WORK REQUIRED.
Please repeat, precisely as written, only the lines from the one containing "På övriga fönster" through the last line of the records below, pictures omitted.

[Start of section]

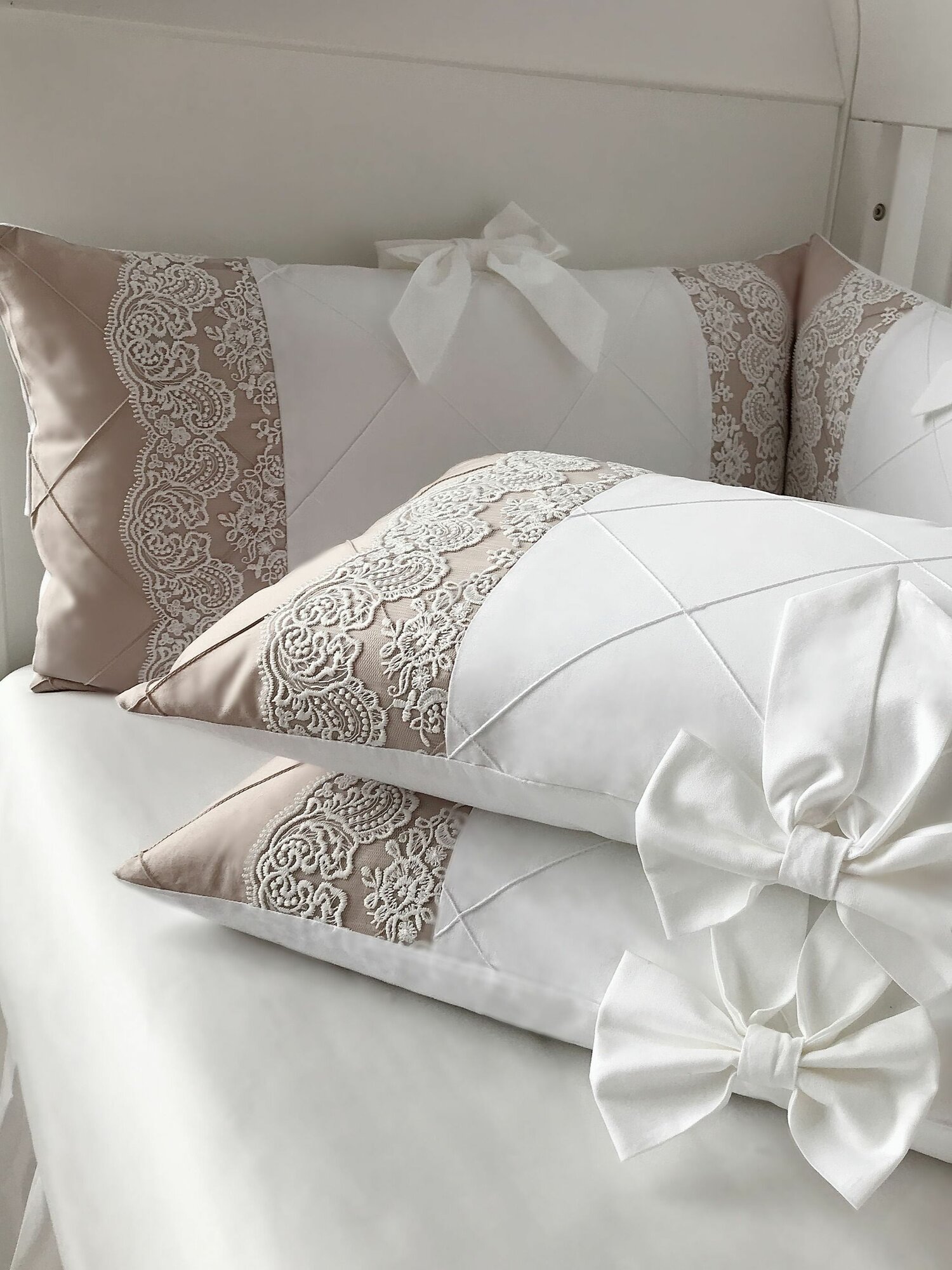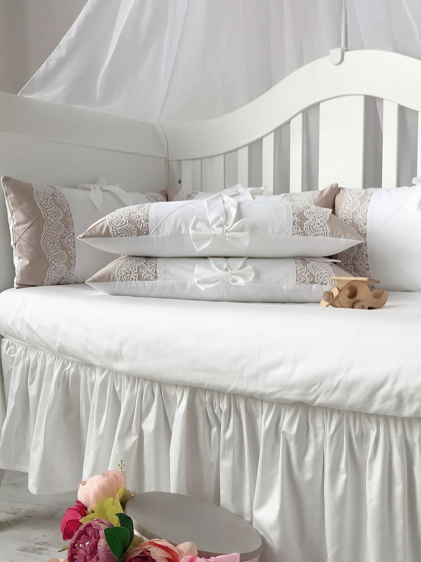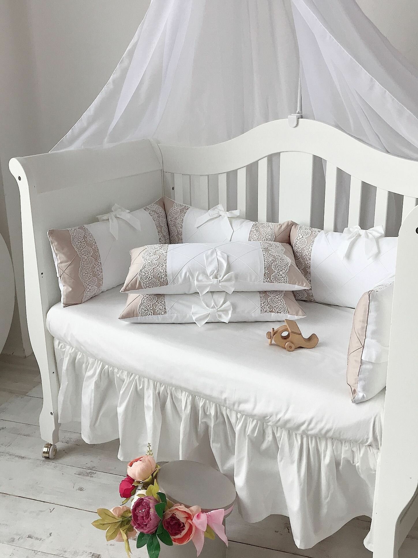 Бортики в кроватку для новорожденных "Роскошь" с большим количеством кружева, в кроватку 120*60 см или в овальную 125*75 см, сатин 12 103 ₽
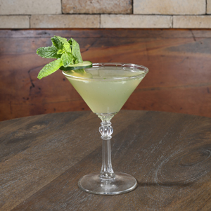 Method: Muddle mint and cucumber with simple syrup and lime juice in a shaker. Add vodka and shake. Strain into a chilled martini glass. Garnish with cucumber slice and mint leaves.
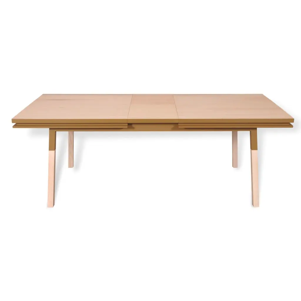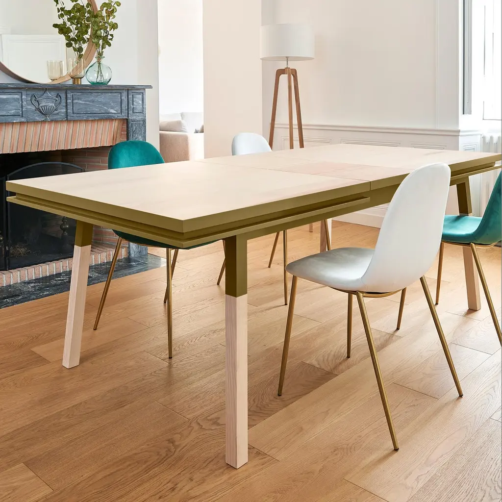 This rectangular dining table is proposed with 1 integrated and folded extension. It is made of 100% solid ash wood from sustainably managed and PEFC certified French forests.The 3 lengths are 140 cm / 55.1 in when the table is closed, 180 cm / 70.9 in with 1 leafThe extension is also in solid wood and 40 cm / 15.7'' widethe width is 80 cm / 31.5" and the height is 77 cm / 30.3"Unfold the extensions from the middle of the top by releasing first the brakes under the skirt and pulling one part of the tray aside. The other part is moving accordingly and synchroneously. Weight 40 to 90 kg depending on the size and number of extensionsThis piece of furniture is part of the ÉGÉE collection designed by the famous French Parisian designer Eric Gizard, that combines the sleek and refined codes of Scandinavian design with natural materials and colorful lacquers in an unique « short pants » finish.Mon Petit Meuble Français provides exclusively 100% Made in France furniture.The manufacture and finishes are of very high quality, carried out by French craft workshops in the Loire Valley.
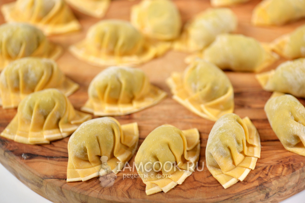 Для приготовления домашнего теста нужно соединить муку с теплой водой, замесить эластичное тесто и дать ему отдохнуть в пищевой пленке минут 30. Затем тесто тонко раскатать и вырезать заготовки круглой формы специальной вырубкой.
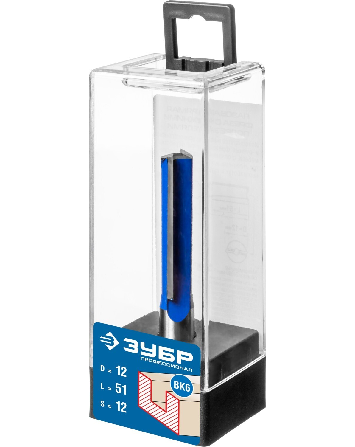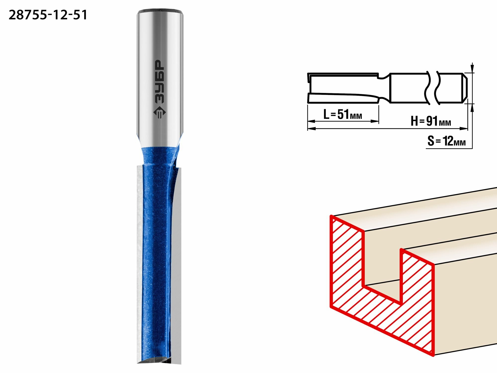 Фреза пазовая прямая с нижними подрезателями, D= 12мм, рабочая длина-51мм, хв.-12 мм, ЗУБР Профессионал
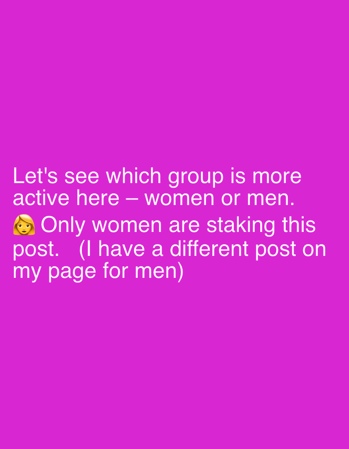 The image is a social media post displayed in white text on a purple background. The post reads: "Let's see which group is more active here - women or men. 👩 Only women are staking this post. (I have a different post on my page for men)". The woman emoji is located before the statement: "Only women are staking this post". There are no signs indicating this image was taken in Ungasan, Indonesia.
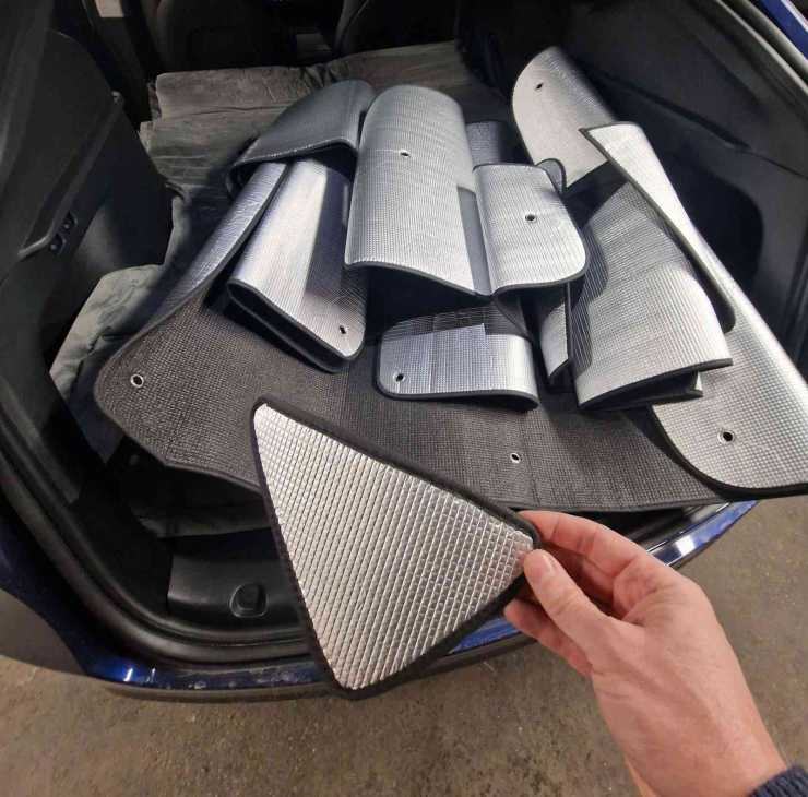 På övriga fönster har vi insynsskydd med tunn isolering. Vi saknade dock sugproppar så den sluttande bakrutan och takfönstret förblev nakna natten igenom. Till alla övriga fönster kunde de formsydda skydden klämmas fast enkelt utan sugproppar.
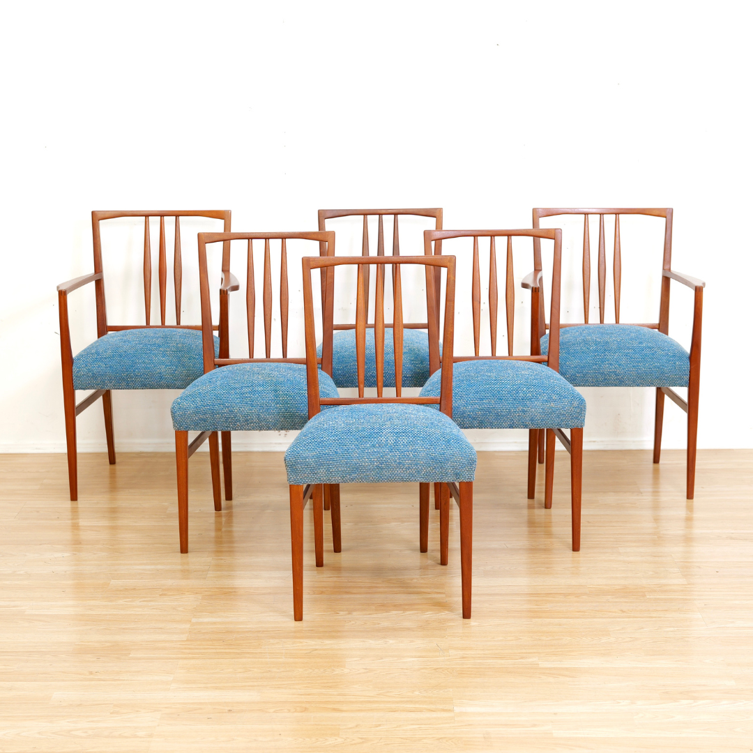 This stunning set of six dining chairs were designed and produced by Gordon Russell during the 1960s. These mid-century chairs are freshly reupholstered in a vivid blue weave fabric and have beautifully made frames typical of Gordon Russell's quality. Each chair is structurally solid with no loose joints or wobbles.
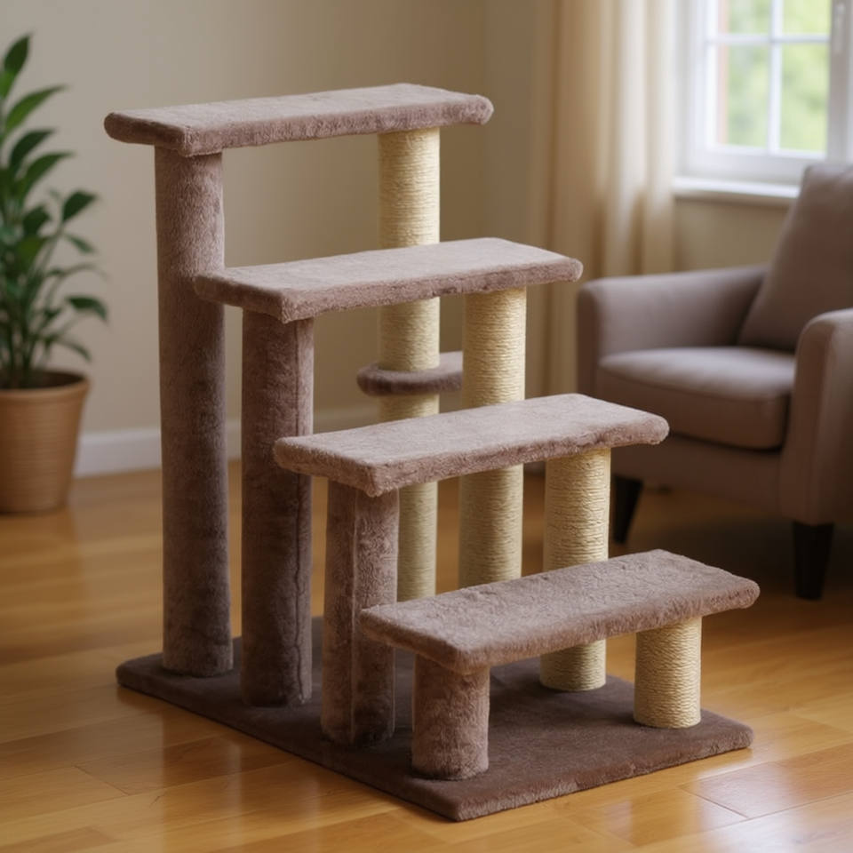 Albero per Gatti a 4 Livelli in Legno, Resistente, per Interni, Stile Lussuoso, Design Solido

[End of section]

ANSWER TO THIS TASK.
 På övriga fönster har vi insynsskydd med tunn isolering. Vi saknade dock sugproppar så den sluttande bakrutan och takfönstret förblev nakna natten igenom. Till alla övriga fönster kunde de formsydda skydden klämmas fast enkelt utan sugproppar.
 This stunning set of six dining chairs were designed and produced by Gordon Russell during the 1960s. These mid-century chairs are freshly reupholstered in a vivid blue weave fabric and have beautifully made frames typical of Gordon Russell's quality. Each chair is structurally solid with no loose joints or wobbles.
 Albero per Gatti a 4 Livelli in Legno, Resistente, per Interni, Stile Lussuoso, Design Solido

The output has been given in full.